The Bank Stops Here or Revising my Commodities Session in Environmental Studies 100

As the librarian for Environmental Studies, I have the pleasure of teaching a VERY exciting research session for Environmental Studies 100. Students enrolled in this course must research and write a short paper outlining the lifecycle of a commodity. Students choose a range of commodities from beef to iPhones.  This is a challenging assignment as many of the students enrolled are first years who have yet to undertake an interdisciplinary research assignment like the one before them.

The class is on the large side at the College; typically there are about sixty students in a large lecture hall. I teach two sessions in one week while half of the class tours the campus from an ecological prescriptive. There is a lot of ground to cover with the students; this project demands that they use multiple research databases, open web resources, and trade publications. We have to cover what the difference is between these types of sources. I have to show them ALL of the databases that might be most beneficial to them while they research their commodity. Frankly, this assignment intimidated me.

icon-calendar For the past three or so years, I lectured outlining every contingency they might need. I was their knowledge bank and they were eager to make withdrawals. Their eyes expressed fear and many of them would meet with me individually after the session to get additional help. I met with a lot of students individually and I began to notice some patterns about our interactions:

  1. Their commodity topics were far too broad.
  2. They needed reassurance.
  3. They were confused about how to toggle from one discipline to another.
  4. They needed reassurance.

icon-edit Every year, I vowed to make improvements, but I struggled to figure pinpoint where I could improve without sacrificing time to show them ALL THE RESEARCH OPTIONS.
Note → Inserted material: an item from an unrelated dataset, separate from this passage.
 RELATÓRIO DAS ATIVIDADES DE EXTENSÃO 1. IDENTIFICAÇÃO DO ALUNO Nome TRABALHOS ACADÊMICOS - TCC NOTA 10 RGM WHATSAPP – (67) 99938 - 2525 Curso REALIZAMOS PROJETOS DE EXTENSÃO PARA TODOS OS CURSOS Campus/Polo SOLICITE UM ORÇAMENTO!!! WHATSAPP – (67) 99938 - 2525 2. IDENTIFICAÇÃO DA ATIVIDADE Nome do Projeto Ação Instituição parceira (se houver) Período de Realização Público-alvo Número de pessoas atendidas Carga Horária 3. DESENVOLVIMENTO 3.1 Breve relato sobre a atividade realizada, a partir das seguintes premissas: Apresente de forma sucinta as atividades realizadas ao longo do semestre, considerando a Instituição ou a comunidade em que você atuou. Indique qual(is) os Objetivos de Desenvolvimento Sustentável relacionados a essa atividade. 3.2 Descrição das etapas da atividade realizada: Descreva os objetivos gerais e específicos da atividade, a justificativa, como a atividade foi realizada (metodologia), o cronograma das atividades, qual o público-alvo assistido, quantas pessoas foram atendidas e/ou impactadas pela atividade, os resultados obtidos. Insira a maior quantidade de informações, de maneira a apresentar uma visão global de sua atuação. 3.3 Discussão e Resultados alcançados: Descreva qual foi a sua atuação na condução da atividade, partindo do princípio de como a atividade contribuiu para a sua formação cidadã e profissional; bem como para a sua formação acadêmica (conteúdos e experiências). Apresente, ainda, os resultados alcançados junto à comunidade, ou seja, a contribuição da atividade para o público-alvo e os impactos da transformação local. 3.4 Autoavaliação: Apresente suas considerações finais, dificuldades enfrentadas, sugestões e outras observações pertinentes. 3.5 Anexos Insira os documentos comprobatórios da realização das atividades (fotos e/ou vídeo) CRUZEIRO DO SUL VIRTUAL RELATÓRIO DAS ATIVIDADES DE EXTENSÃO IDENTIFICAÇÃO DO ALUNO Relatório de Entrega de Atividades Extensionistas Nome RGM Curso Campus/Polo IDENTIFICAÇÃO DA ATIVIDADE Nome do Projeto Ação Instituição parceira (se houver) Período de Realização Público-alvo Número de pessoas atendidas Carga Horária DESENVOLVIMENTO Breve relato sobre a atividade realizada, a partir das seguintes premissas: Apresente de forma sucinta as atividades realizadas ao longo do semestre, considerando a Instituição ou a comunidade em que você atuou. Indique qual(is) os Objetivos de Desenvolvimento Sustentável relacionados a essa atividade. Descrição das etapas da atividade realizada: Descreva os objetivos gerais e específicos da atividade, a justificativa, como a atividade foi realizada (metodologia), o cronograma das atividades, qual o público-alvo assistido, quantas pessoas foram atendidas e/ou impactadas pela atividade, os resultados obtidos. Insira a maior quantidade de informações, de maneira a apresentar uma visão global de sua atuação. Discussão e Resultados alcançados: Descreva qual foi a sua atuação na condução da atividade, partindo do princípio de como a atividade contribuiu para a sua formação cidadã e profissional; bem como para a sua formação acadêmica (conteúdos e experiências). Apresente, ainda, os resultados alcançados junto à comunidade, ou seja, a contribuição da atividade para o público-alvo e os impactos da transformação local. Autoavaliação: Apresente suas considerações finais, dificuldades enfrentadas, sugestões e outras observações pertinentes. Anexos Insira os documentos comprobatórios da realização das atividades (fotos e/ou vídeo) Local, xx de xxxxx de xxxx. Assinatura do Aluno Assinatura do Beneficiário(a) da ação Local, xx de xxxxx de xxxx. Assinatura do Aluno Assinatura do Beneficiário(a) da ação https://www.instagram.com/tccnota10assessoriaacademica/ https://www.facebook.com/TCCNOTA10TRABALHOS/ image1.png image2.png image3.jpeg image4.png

icon-lightbulb-o This year, I had an epiphany after reviewing my Trello cards from past years where I make small notes to myself about what went well and what did not go well. The students needed time together to narrow their topics into more digestible ones. In one one one meetings with students, I would often help them locate a New York Times article or an article from a trade publication about how boots are made and distributed and show the student the clues in these articles that generate the search terms they need to complete the research for their assignment. Why do this in one on one meetings when I can do it in groups during class? Further, I could collocate ALL the sources into a course guide and encourage them to apply the lessons learned in their groups with the resources in the guide and encourage them to follow up with me later.

icon-wrench This also led me to revise my course guide and examine it with a more critical eye. While I could prepare them for ALL THE CONTINGENCIES, I realized that this would lead to information overload and if I wanted this to be a resource of use, I needed to trim down the guide to make it more user friendly. I also added some prompts to the guide to help students learn to read different sources different to extract the information they needed to complete their assignment.

I came to class this spring as a facilitator. The students would review the guide at the start of class, break into groups, read an article with the prompts on the guide, discuss the prompts and answer some questions. Finally, they would report back if they could narrow their topic from BEEF to something more specific like ‘GRASS FED LOCAL BEEF.’ The students appeared to be less befuddled and overwhelmed.

icon-thumbs-o-up In the end, I only met with two students outside of class this year. The revision made for some bumps during the seventy-five minute session, but I am better prepared to refine the guide and prompts for next spring. I am grateful that the banks stops here and that I can share authority with the students instead of lecturing to them.